この一ヵ月、シネ・ヌーヴォで開催されてた大回顧上映「巨匠・小津安二郎の世界」をコツコツ見てました。人気があったプログラムは戦後のものだけど、それは華麗にパスして、もっぱら戦前のサイレント作品を見てました。
戦後の作品はそれなりに見ましたが、なんか冷たすぎて生理的に好きになれない。「東京物語」ってそんなにいいですか。
ところが戦前、特にサイレント期の作品はぜんぜん違うらしい。ものすごくモダンでコミカル、普通に笑えるらしい。戦後の作品は「笑っていいのかどうか困る」感じですからね。
で、実際見てみて驚いた。うわすごい。なにこれ(^^;
銃弾が飛ぶ、学生がこける、人が殴りあう、ギャングがオープンカーで疾走する。でも小津!!
本当、小津は苦手という人にこそ見てほしい。私もそうだから。いや笑った笑った。日活無国籍アクションかい、おっさん。

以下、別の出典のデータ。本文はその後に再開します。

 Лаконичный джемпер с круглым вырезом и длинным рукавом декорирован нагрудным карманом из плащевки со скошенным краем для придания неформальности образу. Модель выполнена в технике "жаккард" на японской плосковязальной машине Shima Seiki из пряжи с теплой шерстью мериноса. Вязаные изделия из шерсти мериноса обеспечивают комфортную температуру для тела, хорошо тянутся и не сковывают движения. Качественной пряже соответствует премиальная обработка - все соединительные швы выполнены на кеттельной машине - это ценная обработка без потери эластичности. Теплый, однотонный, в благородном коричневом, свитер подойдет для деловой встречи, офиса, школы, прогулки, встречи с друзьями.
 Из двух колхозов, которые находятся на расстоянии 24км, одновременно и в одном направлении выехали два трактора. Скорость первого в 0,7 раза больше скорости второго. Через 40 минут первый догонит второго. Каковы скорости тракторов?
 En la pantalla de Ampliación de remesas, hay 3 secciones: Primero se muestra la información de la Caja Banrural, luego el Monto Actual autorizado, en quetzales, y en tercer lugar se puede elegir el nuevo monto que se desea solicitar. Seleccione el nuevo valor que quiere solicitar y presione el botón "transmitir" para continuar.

どれもこれも捨て難い面白さでぜひ見てほしいんですが、「和製喧嘩友達」「突貫小僧」あたりは誰が見ても面白いとおもう。「今日は人さらいの出そうな日である」って…O・ヘンリの「赤い酋長の身代金」が原作と言われるとなるほどなと思いますが、突貫小僧の強烈なキャラクターがすばらしい。

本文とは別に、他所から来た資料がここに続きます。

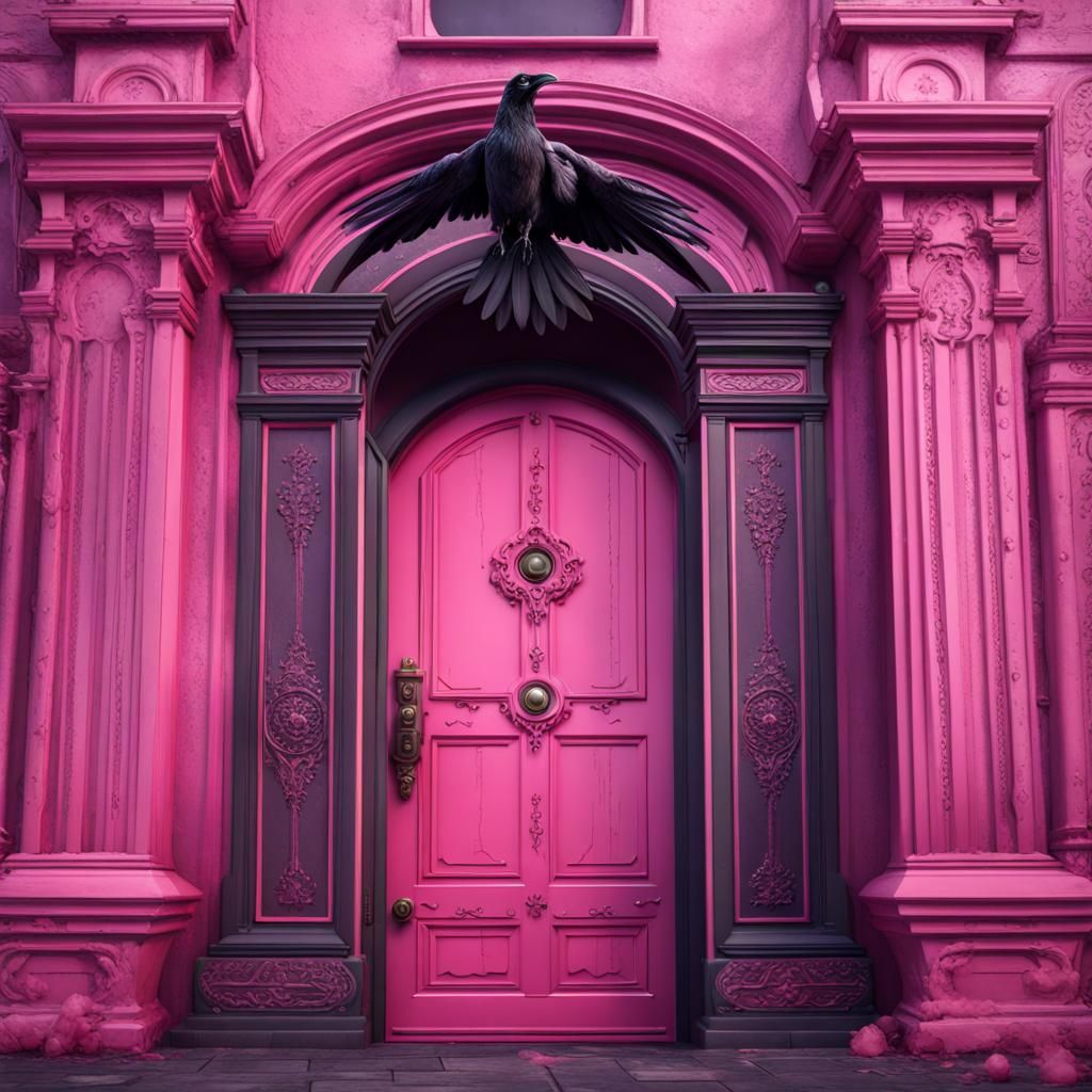 A detailed matte painting of a raven perched above a pink door. The image features deep colors and intricate details, reminiscent of fantasy concept art in 8k resolution.

もちろん「生まれてはみたけれど」とかの名作系もよろしいんですが、個人的にはまったくの無国籍アクションな「朗らかに歩め」「その夜の妻」「非常線の女」が大のお気に入り。
いやあ、中でも「非常線の女」ですがな。奥さん。これからは「小津の最高傑作は?」と聞かれたら「非常線の女」と答えよう。シネフィルにバカにされること請け合いだけど(^^;
なってったってタイトルがまず強烈。非常線の女、ですよ。小津なのに。主人公はボクサーでギャング。小津だってのに。情婦は田中絹代!!ゴテゴテした格好で「あたいはあばずれさ!」とか言うんだけど顔がお嬢様だから東京バスガールにしか見えん(^^;そこがもっぱら批判されるんですが、アホやなあ、そこがいいんじゃない!
この二人が心の綺麗な水久保澄子と出会い改心する、ということになってるんだけど、田中絹代なんて「ウフフあんたのこと好きになっちゃった」って初対面でキスしてるし。改心というよりムラムラしてるだろう、姉さん。戦前の百合シーンとはなんとレアな。もちろんキスは直接映りませんが、それを言うなら男女のキス自体がご法度でした。
とにかく全編を通じやたらエロスとバイオレンスが炸裂し、最後は銃弾まで飛ぶ。こんな小津があり得たということ自体が驚異。まさしく大珍品であります。
もちろん戦後の作品がそうであるように画面の作りこみは偏執狂的でまさしく芸術作品。30年も前にヌーヴェルバーグを先取りしてた感じですね。ただ、機械人形的な振り付けも棒読みセリフもないので、見ていて辛くなることはなく、娯楽映画としてとことん楽しめる。本当、ぜひ見てほしい。小津の嫌いな人にこそ。